What you give back from the listing below should be an exact copy of the lines from the one with "まぼろしの汽車から… 墨絵「ねこ娘」 #ゲゲゲ忌2021 #ゲゲゲの鬼太郎 #墨絵" down to the one with "Den Lippenstift trage", and it should contain no pictures.

#### Input data
_ _ _ _

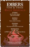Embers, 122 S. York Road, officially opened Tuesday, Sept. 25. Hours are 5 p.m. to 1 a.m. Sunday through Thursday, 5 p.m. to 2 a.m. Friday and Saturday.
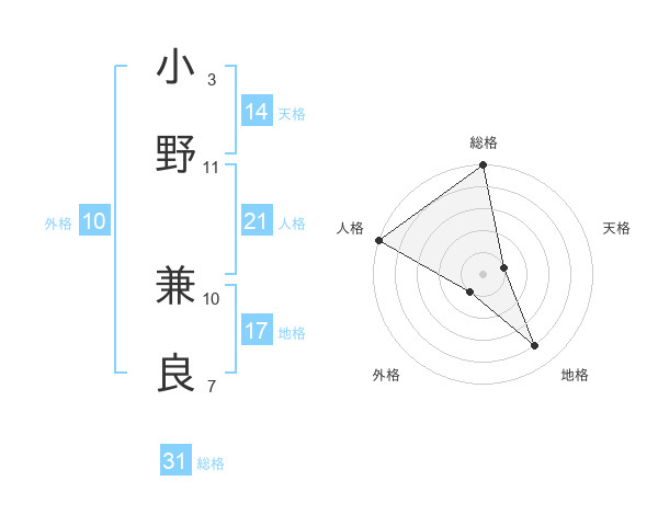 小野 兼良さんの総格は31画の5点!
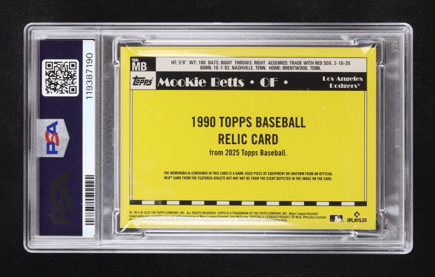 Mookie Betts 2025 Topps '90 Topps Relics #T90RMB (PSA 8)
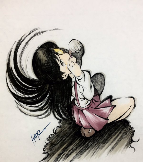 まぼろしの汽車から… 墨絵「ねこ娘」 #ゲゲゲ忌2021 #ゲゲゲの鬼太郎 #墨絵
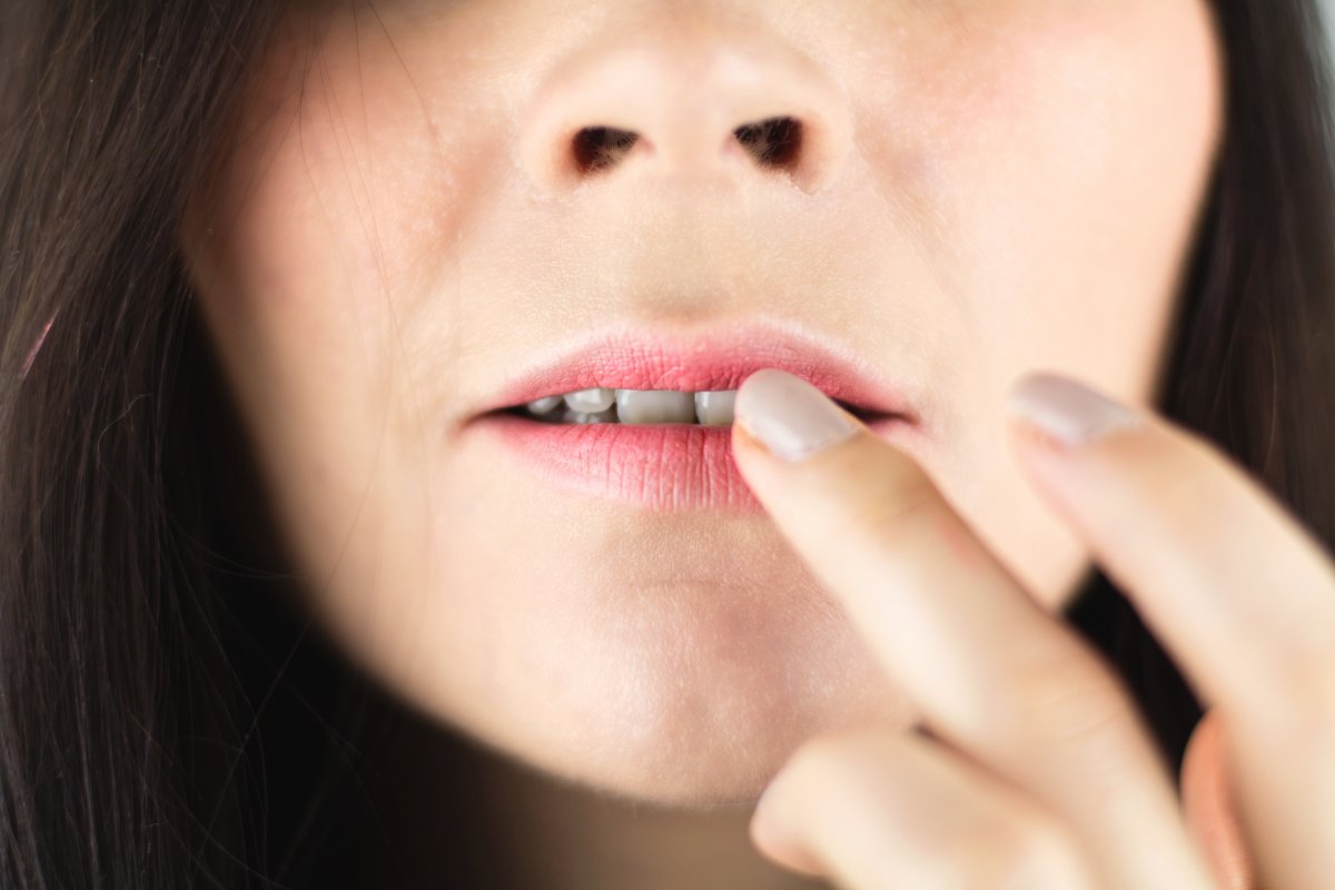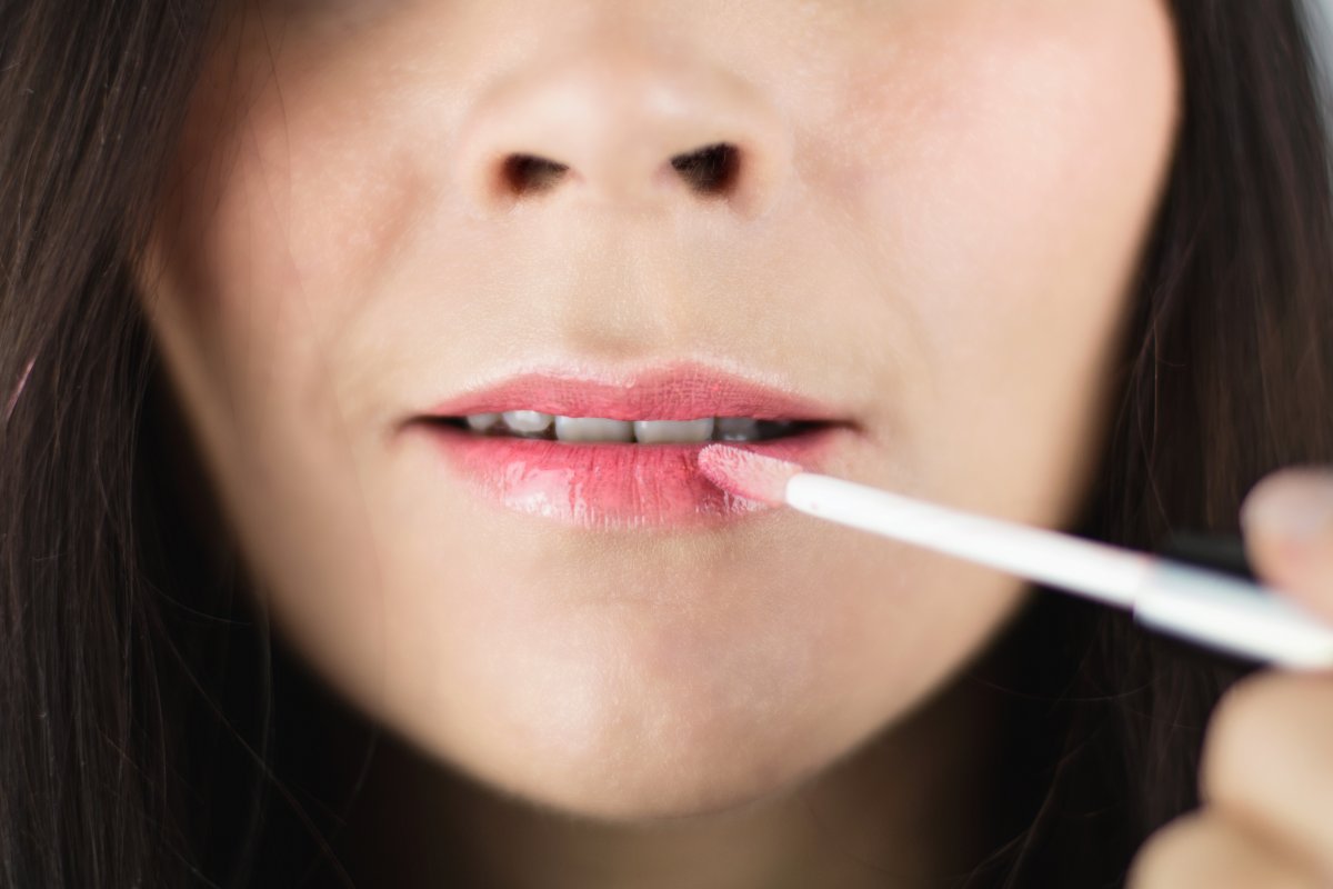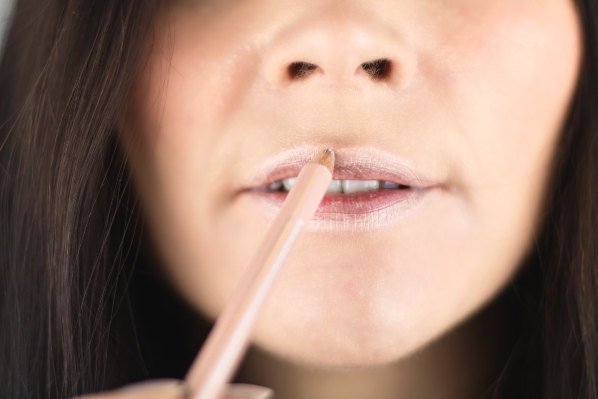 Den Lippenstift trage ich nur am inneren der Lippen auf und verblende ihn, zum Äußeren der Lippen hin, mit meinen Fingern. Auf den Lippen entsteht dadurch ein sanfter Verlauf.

_ _ _ _

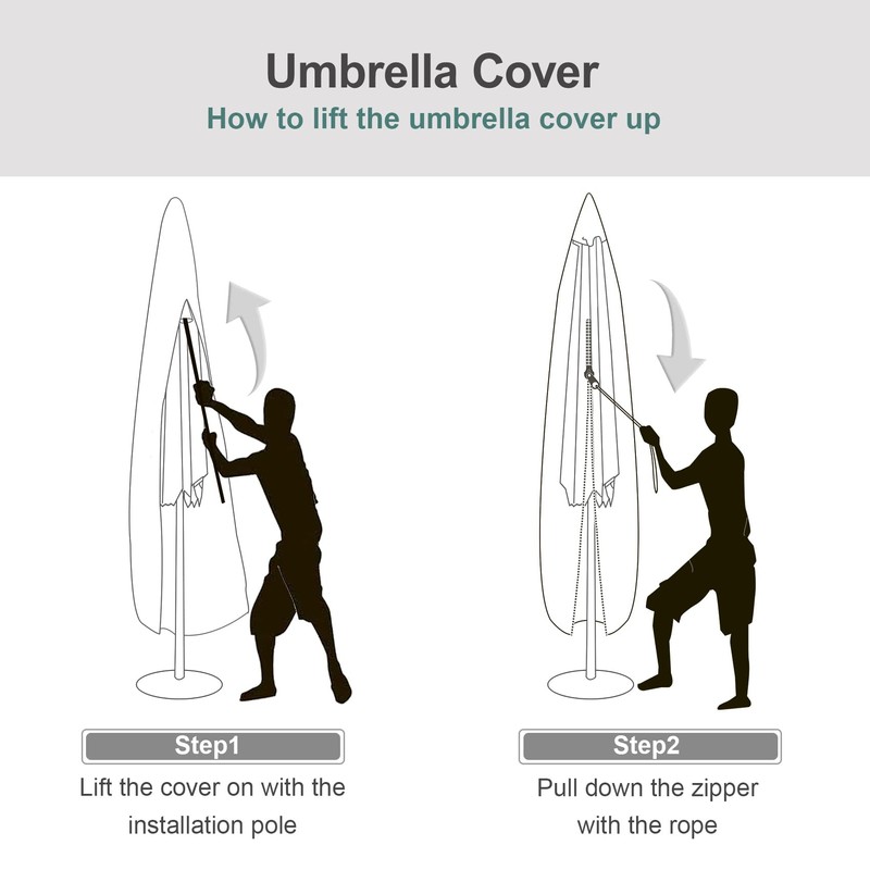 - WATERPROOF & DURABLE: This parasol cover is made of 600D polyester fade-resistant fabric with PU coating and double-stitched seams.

_ _ _ _

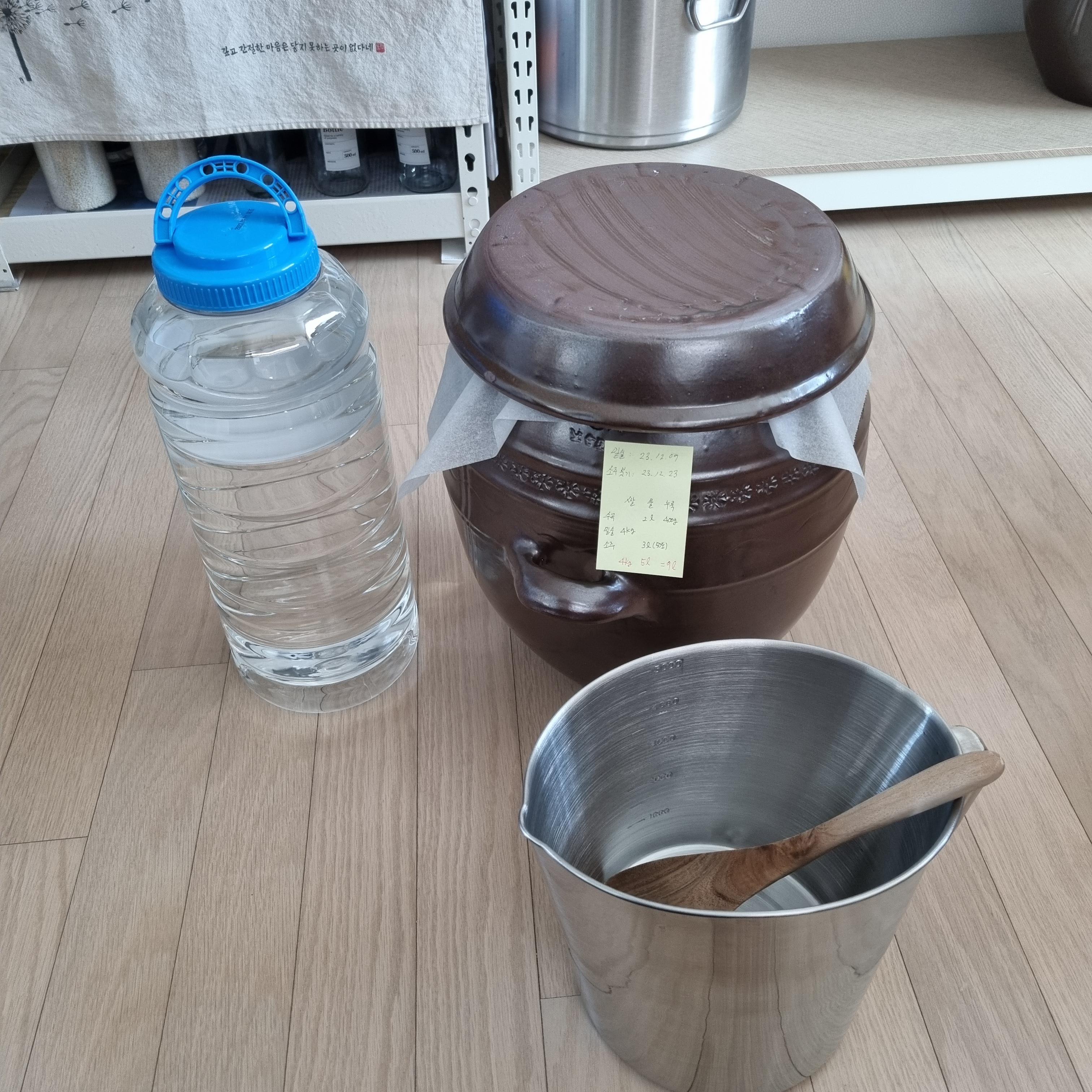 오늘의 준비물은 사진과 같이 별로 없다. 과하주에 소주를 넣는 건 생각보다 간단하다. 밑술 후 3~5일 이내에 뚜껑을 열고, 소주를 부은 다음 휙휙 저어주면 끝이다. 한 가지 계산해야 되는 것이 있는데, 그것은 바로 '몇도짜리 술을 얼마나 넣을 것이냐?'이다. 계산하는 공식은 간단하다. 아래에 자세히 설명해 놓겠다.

_ _ _ _

#### Result
 まぼろしの汽車から… 墨絵「ねこ娘」 #ゲゲゲ忌2021 #ゲゲゲの鬼太郎 #墨絵
 Den Lippenstift trage ich nur am inneren der Lippen auf und verblende ihn, zum Äußeren der Lippen hin, mit meinen Fingern. Auf den Lippen entsteht dadurch ein sanfter Verlauf.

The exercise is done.